Много дней Тамар обдумывала, с какой песни начать свою уличную карьеру. Ведь и это она была обязана рассчитать — наряду с запасами питьевой воды, свечей и рулонов туалетной бумаги. Сначала она собиралась спеть что-нибудь хорошо известное на иврите — что-нибудь из репертуара Иегудит Равиц или Нурит Гальрон. Что-нибудь милое, ритмичное, душевное, такое, чтобы и самой не напрягаться, и в уличную атмосферу чтобы вписалось. С другой стороны, Тамар изводил вечный ее зуд, вечный соблазн поразить их с самого начала чем-нибудь совершенно неожиданным — второй арией Керубино из «Свадьбы Фигаро», например. И с самого начала заявить о себе и о своих намерениях на этой улице, чтобы все немедленно поняли, насколько она не похожа на остальных…
Ведь в воображении смелость ее не знала границ. В воображении Тамар посылала свой голос вдоль и поперек улицы, заполняя им все пространство, всякое помещение и всякую нишу, омывая в нем людей, словно в очистительно-смягчающем растворе. В воображении она пела очень высоким голосом, на грани гротеска, чтобы потрясти их с самого начала и не стесняясь предаться этому легкому дурману, который всегда охватывает ее, когда она поет вот так — пьянея от наслаждения неудержимым полетом из самой глубины ее нутра к самым головокружительным высотам. Но в конце концов она выбрала «Сюзанну», потому что любила эту песню и любила теплый, грустный и надтреснутый голос Леонарда Коэна, а главное, она решила, что начать будет легче с песни на иностранном языке.
Но уже через пару секунд что-то пошло не так. Тамар знала, что первые ноты взяла слишком слабенько, слишком неуверенно. «Никакой харизмы», — звучит в ее ушах уничтожающий приговор Идана. Что с ней происходит? Только бы не сломаться. Ведь единственное, в чем она была уверена, — это в своем пении. А теперь выясняется, что и оно ей не дается, что петь на улице — значит вывернуть себя наизнанку перед глазами скучающей толпы, которой до тебя и твоих песен нет никакого дела.
Тамар поднажала, попыталась преодолеть напряжение, сковывавшее ее, но как же далеко все было от ее фантазий — что с первой ноты вся улица бросится к ее ногам, вне себя от восторга. Не видела ли она как наяву, что мойщик окон на втором этаже «Бургер-Кинга» прерывает свои круговые движения, а продавец соков вырубает соковыжималку, оборвав на середине жалобный вопль морковки?..
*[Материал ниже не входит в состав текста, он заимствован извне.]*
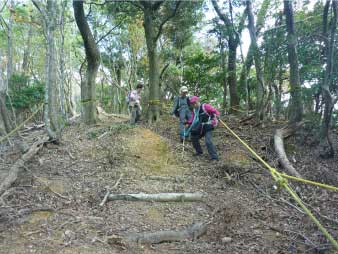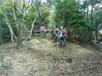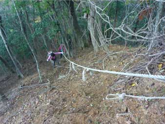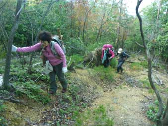 | わずかに踏み跡がある登山道だが、倒木と戦いながら登っていく。標高差は、山の高さ標高266mの登りだ。結構急な登りで、ロープの補助がないと一般のハイカーには厳しいようだ。 |

Но постой, погоди, только не отчаивайся так сразу. Вот, например, тот дядька возле обувного магазина замер на месте и смотрит на тебя. Ну да, он еще на приличном расстоянии, перестраховывается, но все-таки слушает. Тамар попробовала еще чуточку прибавить, и голос расправился, окреп:
… And she feeds you tea and oranges
That came all the way from China
And just when you mean to tell her
That you have no love to give her
Then she gets you on her wavelength
And she lets the river answer… [14] Она тебе чаю нальет И угостит апельсином, Но только захочешь сказать, Что нет у тебя любви для нее, Она тебя сразу поймет И реку попросит ответить…
И как это случается с речным или уличным потоком, как только одна щепка застревает, тут же вокруг скапливаются другие. Таков закон, таков физический закон движения в потоке. И рядом с человеком, что замер у обувного магазина, останавливается еще один. И еще один, и еще. Вот их скопилось там уже шестеро или даже семеро. А теперь уже восемь. И Тамар выравнивает дыхание, сдерживая внезапно окрепшее тремоло, и решается поднять глаза, чтобы мельком глянуть на свою публику, на десяток человек, собравшихся вокруг нее…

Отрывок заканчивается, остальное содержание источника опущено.